Architizer News
Saving Luke Skywalker’s Home
July 9, 2012
Before the restoration; Photo: Hoylen Sue
Mark Dermul has been touring Tatooine for over a decade now. The 42-year-old Belgian “explorer” first visited Tunisia in 2001, when he began leading international Star Wars fans throughout the country’s stranger landscapes. But what constitutes the geographical extent of “the planet farthest from [the center of the universe]“, you may ask? Interestingly, the “planet” exists as a kind of meta-region, an irregulated and loosely connected network of crumbling film sets George Lucas first constructed when he began filming his six-part sci-fi saga some 35 years ago. Lucas abandoned the structures after he wrapped filming (both after The Return of the Jedi and Episodes I-III), leaving few to no plans in place for their preservation.

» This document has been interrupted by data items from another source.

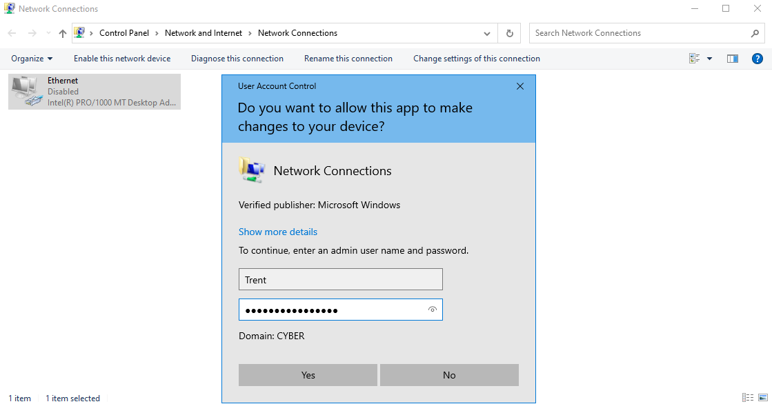 Reenable the network. Again, this will always have to be done manually and is intended behavior. This setup basically simulates the containment phase. In this scenario, an incident responder may want to collect artifacts and remove the malware before bringing the host back online.
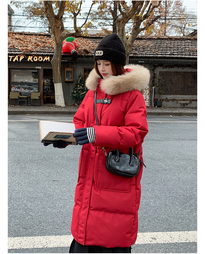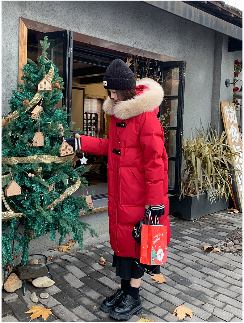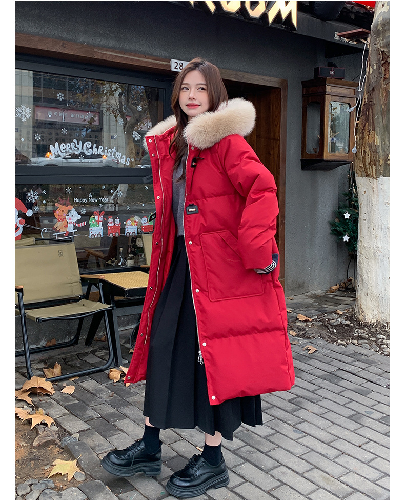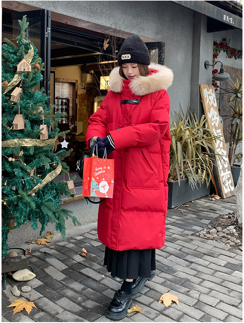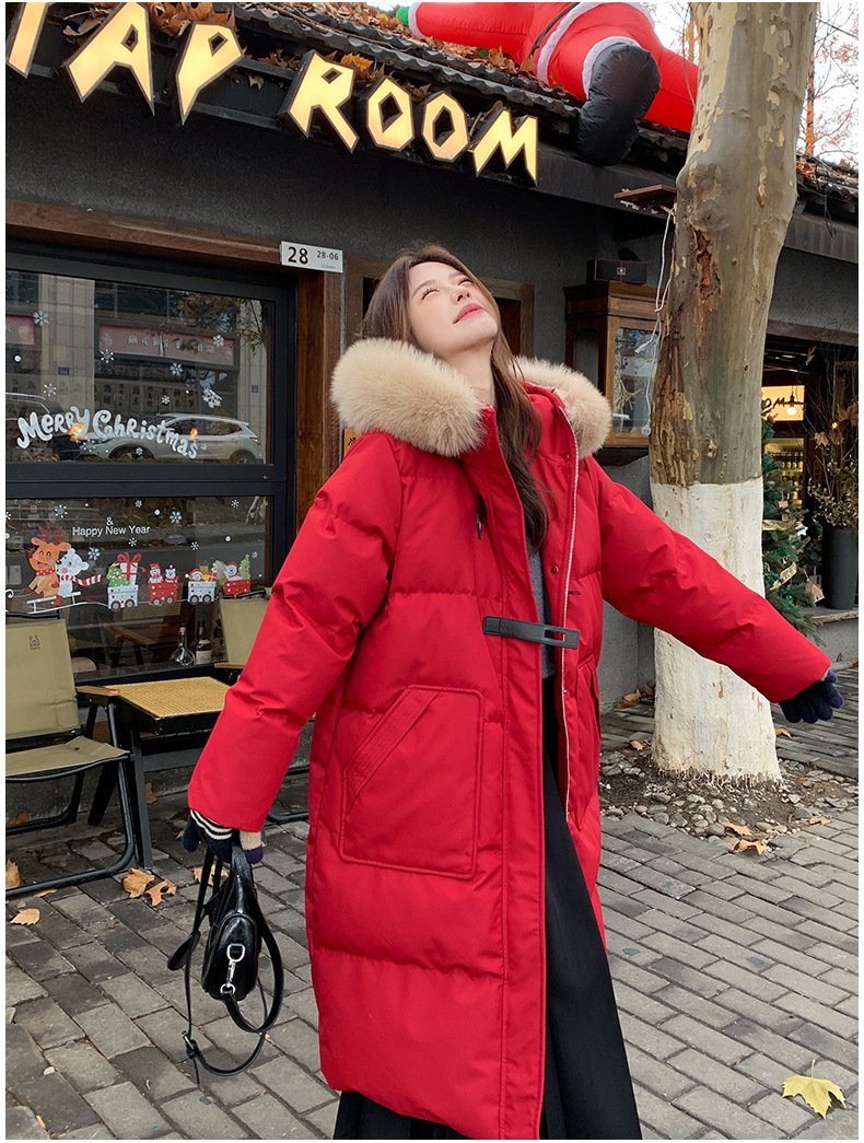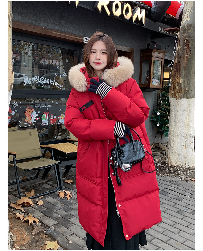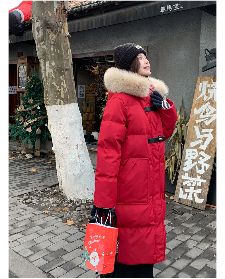 새로운 다운 재킷 여성 겨울 2024 새로운 캐주얼 두꺼운 화이트 덕 다운 새해 레드 미드 길이 재킷스토어 가기
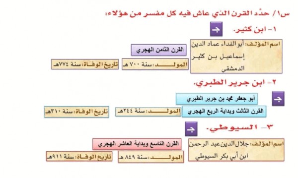 حدد القرن الذي عاش فيه كل مفسر من هؤلاء

Littered across the Tunisian paysage from the desert floor to the coastline, the sets have long attracted tourists, including Dermul who, when traveling along with 18 fellow “pioneers” in May 2010, was shocked to find the iconic igloo-like hut of the Lars Homestead in such rapidly deteriorating conditions. It was then that the erstwhile fan–Dermul tells NPR he first saw the films when he was 7, after which point he was “hooked”–embarked on the mission to save Luke Skywalker’s boyhood home (or whatever was left of it).